Das war nun doch arg übertrieben. Zwar entsprach es der Wahrheit, dass Thomas nicht zu den eifrigsten Studenten zählte, was er (noch) vor seinen gutgläubigen Eltern verbergen konnte. Dennoch war er mit seinen zweiundzwanzig Jahren lange nicht der Älteste seines Semesters. Und grenzdebil war er auch nicht. Sonst hätte er sein Abitur nicht mit einer glatten Eins abgelegt. Aber er war etwas kindisch und rechthaberisch. Ja, und obendrein bildete er sich einiges darauf ein, der Erstgeborene zu sein. Kaum eine Gelegenheit ließ er aus, darauf zu verweisen, dass Maximilian ein »unbeabsichtigter Nachkömmling, ein Unfall« war, bei dem »die vererbten Gene schon nicht mehr so richtig sortiert und in Ordnung« waren.
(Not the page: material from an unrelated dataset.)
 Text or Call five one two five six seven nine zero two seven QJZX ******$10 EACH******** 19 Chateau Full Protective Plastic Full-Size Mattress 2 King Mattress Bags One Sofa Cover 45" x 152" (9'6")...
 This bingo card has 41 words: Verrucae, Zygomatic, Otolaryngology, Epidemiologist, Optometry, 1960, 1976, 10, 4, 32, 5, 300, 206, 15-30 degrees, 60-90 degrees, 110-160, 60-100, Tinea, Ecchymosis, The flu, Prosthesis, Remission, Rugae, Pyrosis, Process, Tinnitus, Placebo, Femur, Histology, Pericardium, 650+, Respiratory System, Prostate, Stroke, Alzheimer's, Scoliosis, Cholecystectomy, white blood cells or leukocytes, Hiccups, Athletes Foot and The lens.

Doch hielt ihn das nicht davon ab, sich stets mit Wonne in jedes Scharmützel mit Maximilian zu stürzen. Dies offenbarte eine gewisse infantile Ader, die dafür nicht unbedingt notwendig war, aber hilfreich und animierend.

Vielleicht lag es am großen Altersunterschied, vielleicht daran, dass Thomas acht Jahre als Einzelkind aufgewachsen war, vielleicht auch an dessen »serienmäßigem Dachschaden«, den Maximilian ihm attestierte, dass das Verhältnis zwischen den Brüdern nicht das beste und von einer Art Hassliebe geprägt war, bei dem der Hass meistenteils überwog. Aber wie auch immer es war, sie blieben einander selten etwas schuldig.
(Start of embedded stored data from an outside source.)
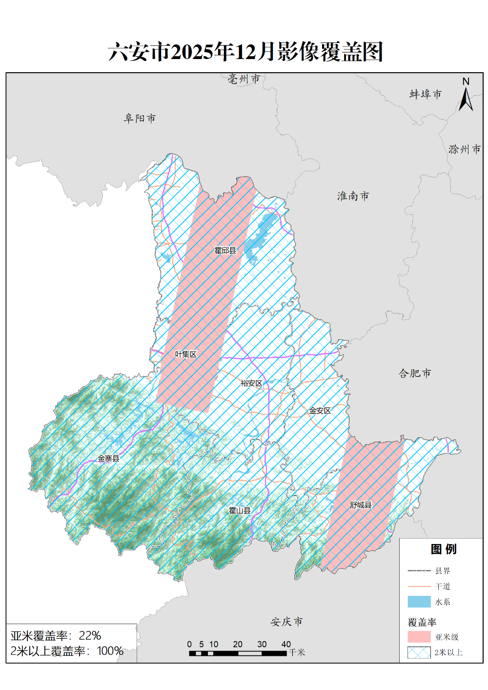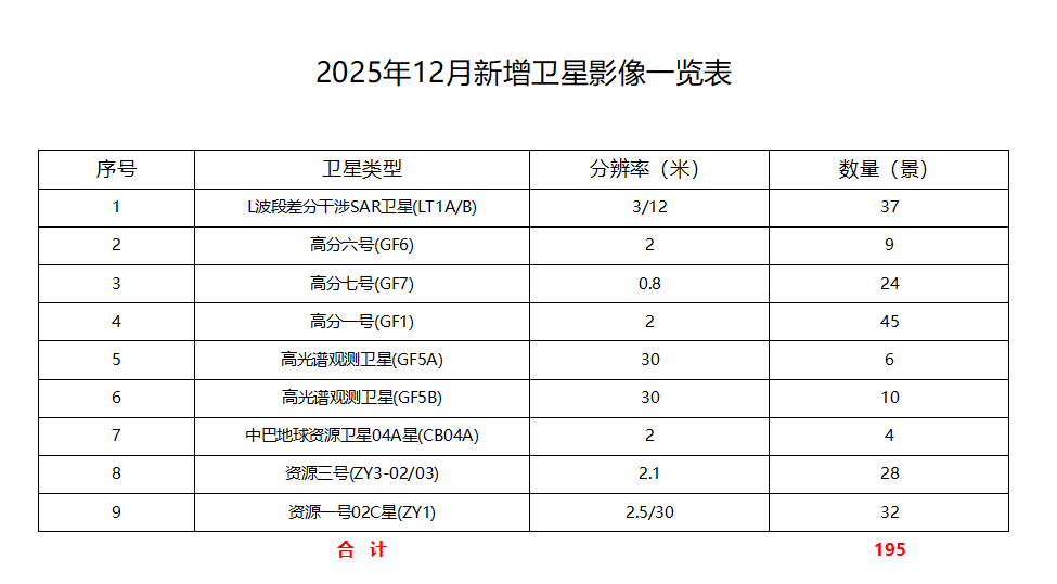 2025年12月,六安市卫星应用技术中心新增卫星影像195景,其中2米级以上影像覆盖率100%,亚米级影像覆盖率约为22%,具体情况如下:
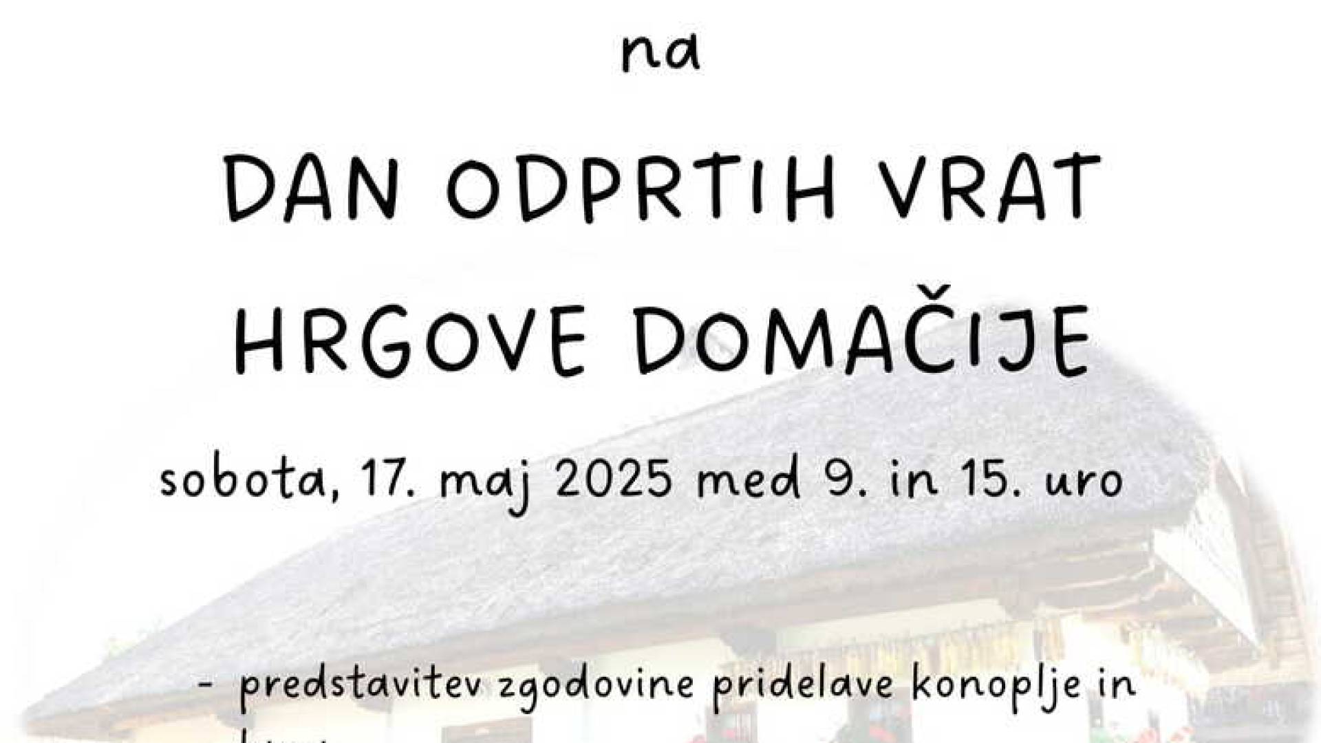 DAN ODPRTIH VRAT HRGOVE DOMAČIJE; sobota, 17.5.2025 med 9. in 15. uro; Hrgova domačija
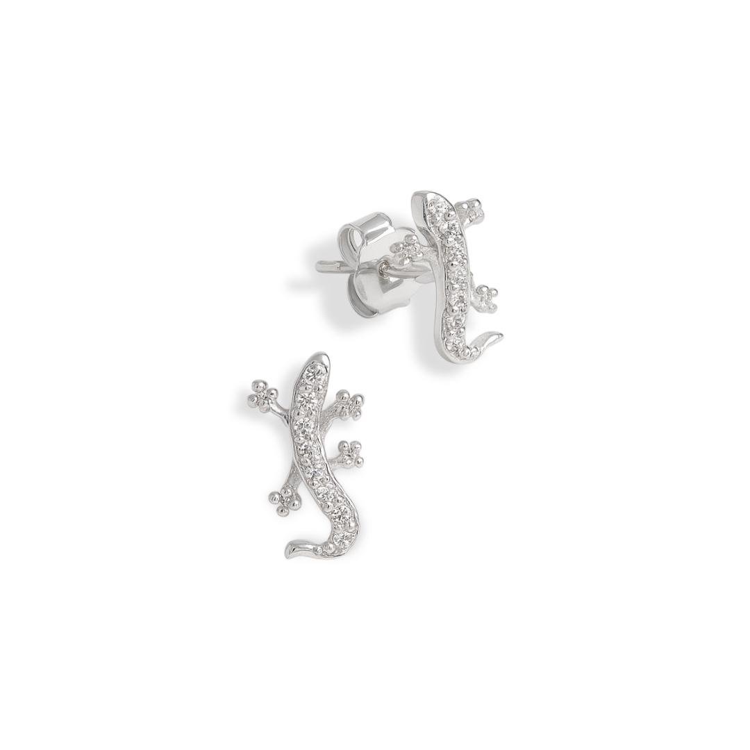 Início BRINCOS Pequenos Brinco Prata Lagartixa Cravejada Zircônias

»Ich komme dir gleich hinterher, Rattenköttel!«, rief Thomas erbost. Und während er seinem Bruder hinterherschaute, fiel ihm scheinbar auf, dass irgendetwas an ihm nicht stimmte. Etwas Wesentliches. Doch benötigte er eine lange Sekunde, um zu realisieren, worum genau es sich handelte. »He! Warte mal! Du hast ja schon wieder eins meiner Hemden an, du schleimige Mistkröte!«

Maximilian streckte die Faust in die Luft, spreizte den Mittelfinger ab und begann zu laufen. Jerry, der das für ein tolles Spiel hielt, sprang neben ihm her. Der Junge setzte auf Thomas’ natürliche Trägheit, die ihm übermäßige Bewegung – zumal schweißtreibende – tunlichst untersagte, und lag auch diesmal damit nicht falsch. Thomas beließ es bei einer wüsten Verwünschung und ging zum Haus.

Maximilian wurde langsamer. Er hielt es für unpassend, so kindlich rennend gesehen zu werden. Besonders wenn dieser Jemand Melissa Dohmen wäre. Sie könnte ihn für unreif halten. Darüber hinaus war er unter der heiß vom Himmel brennenden Sommersonne sowieso schon ins Schwitzen geraten. Wahrscheinlich war es mal wieder so, dass jetzt, eine Woche vor den Ferien, schönstes Wetter herrschte und mit dem letzten Schultag ein Tiefdruckgebiet das andere ablöste.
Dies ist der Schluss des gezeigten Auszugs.